EXERCISE DATA Start Marker
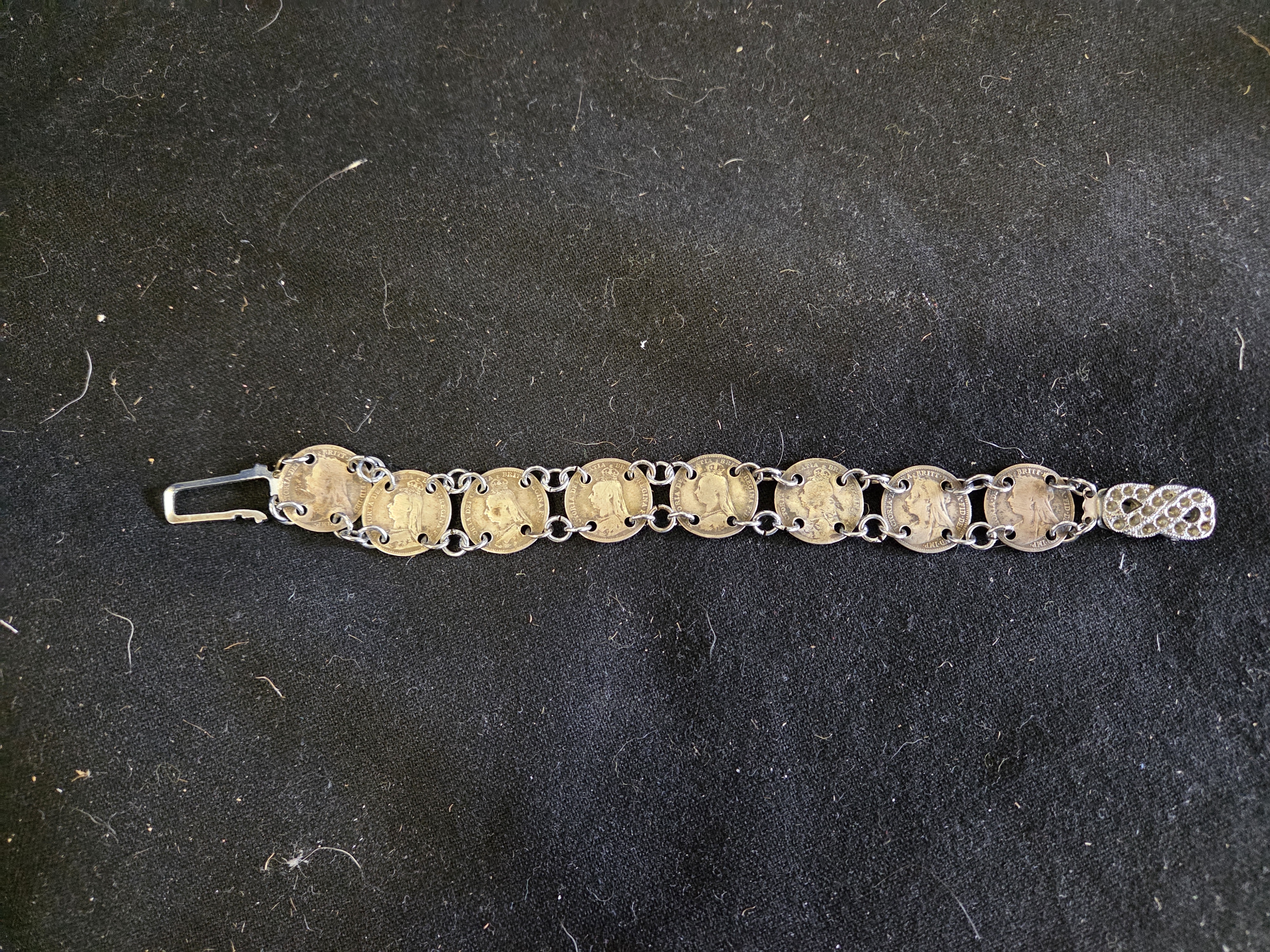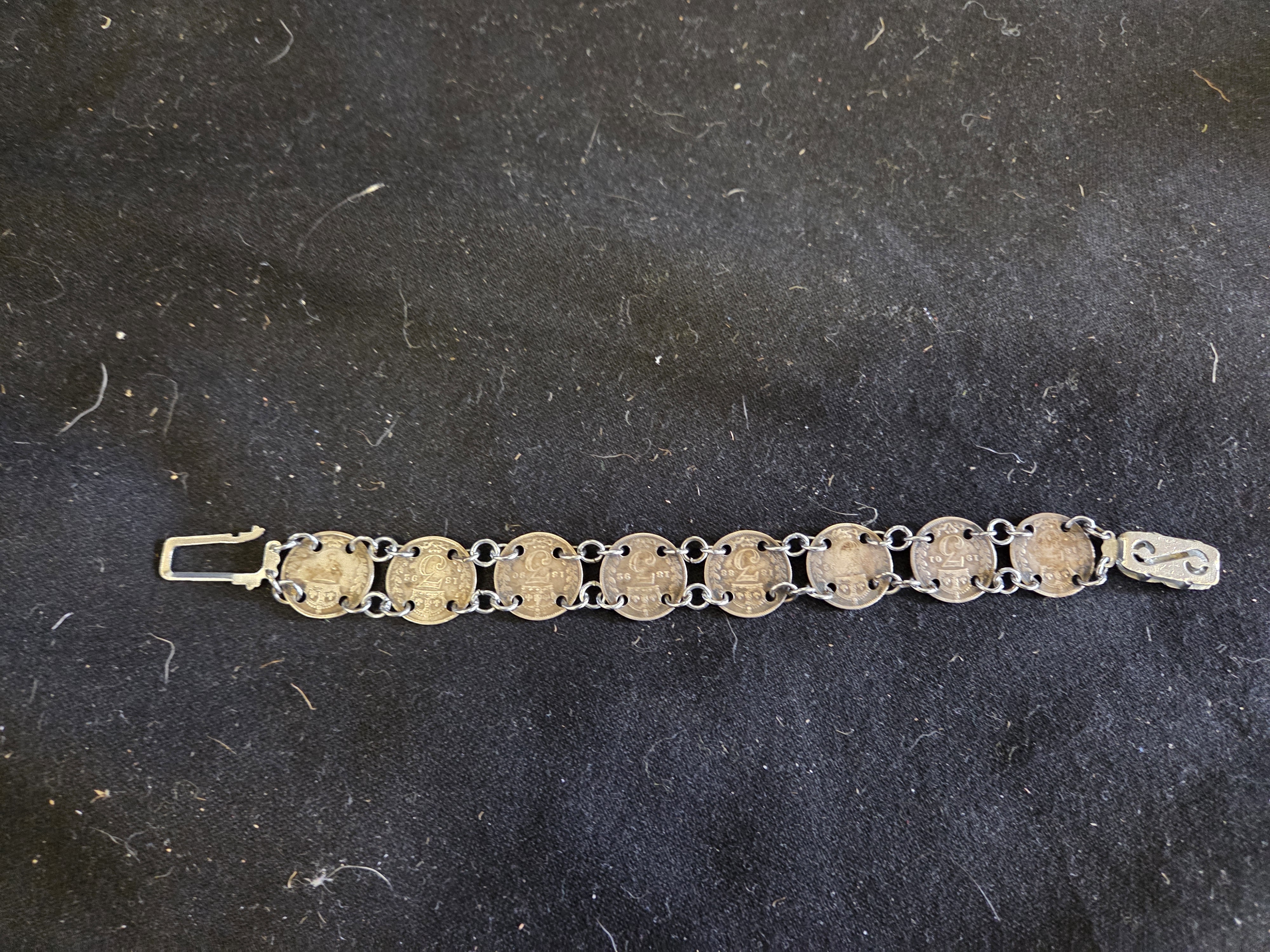 Lot 187 A Late Victorian Silver Threepence Coin Link Bracelet with Marcasite Accents
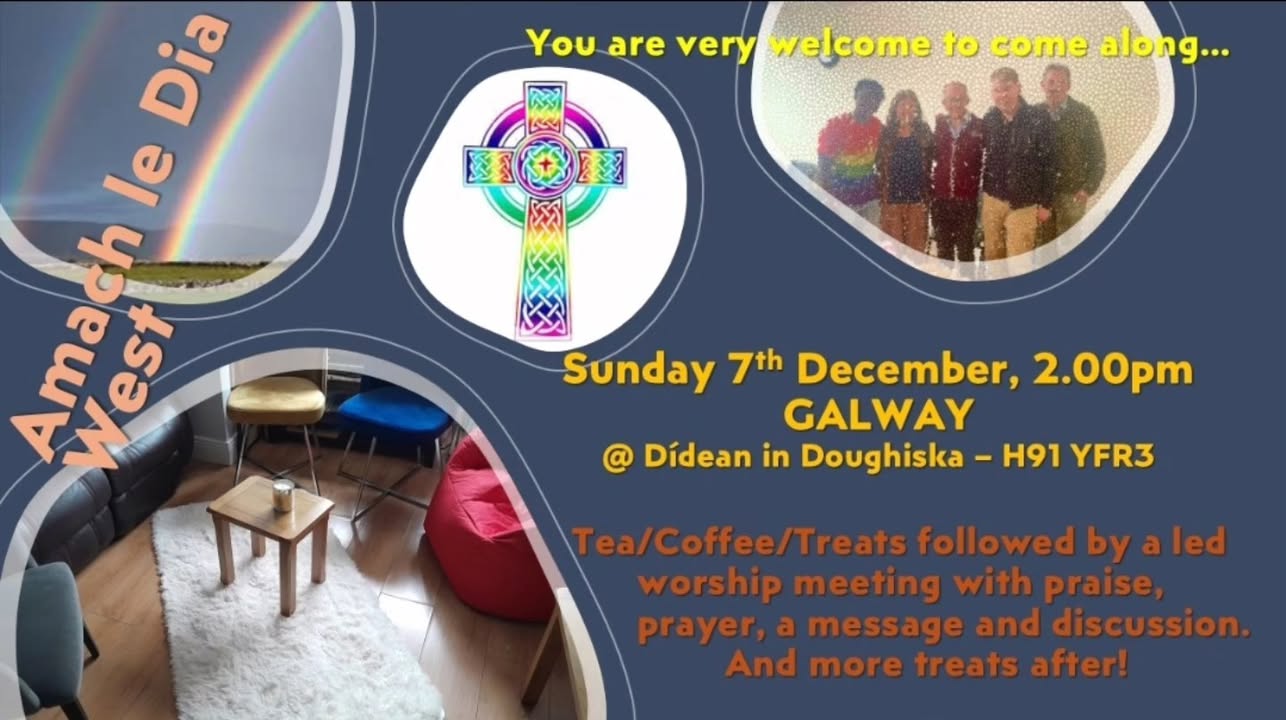 Our next meeting of Amach le Dia West is on Sunday 7th December in Galway. We will meet at Dídean in Doughiska (H91 YFR3). It’s a relaxed setting for a cuppa and chat and then a worship focused meeting with opportunity for discussion. You’ll be warmly welcome along.
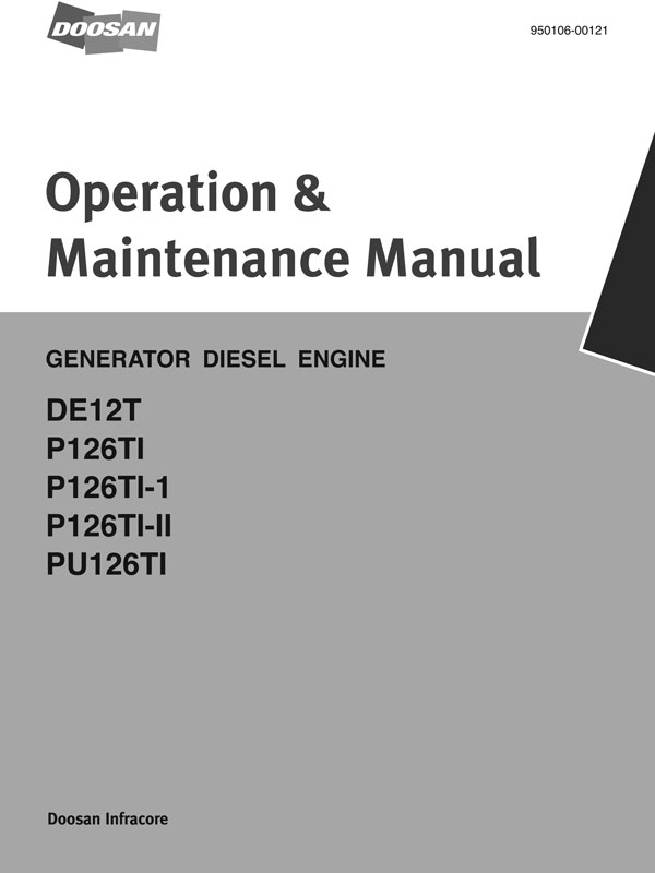 This maintenance manual is designed to serve as a reference for DOOSAN Infracore (here after DOOSAN’s) customers and distributors who wish to gain basic product knowledge on DOOSAN's generator and power unit diesel engines (DE12T, P126TI, P126TI-1, P126TI-II and PU126TI).
EXERCISE DATA End Marker
WHAT YOU HAVE TO DO >> Write out the whole listing above exactly; do not include the pictures.

TASK RESPONSE >>
 Lot 187 A Late Victorian Silver Threepence Coin Link Bracelet with Marcasite Accents
 Our next meeting of Amach le Dia West is on Sunday 7th December in Galway. We will meet at Dídean in Doughiska (H91 YFR3). It’s a relaxed setting for a cuppa and chat and then a worship focused meeting with opportunity for discussion. You’ll be warmly welcome along.
 This maintenance manual is designed to serve as a reference for DOOSAN Infracore (here after DOOSAN’s) customers and distributors who wish to gain basic product knowledge on DOOSAN's generator and power unit diesel engines (DE12T, P126TI, P126TI-1, P126TI-II and PU126TI).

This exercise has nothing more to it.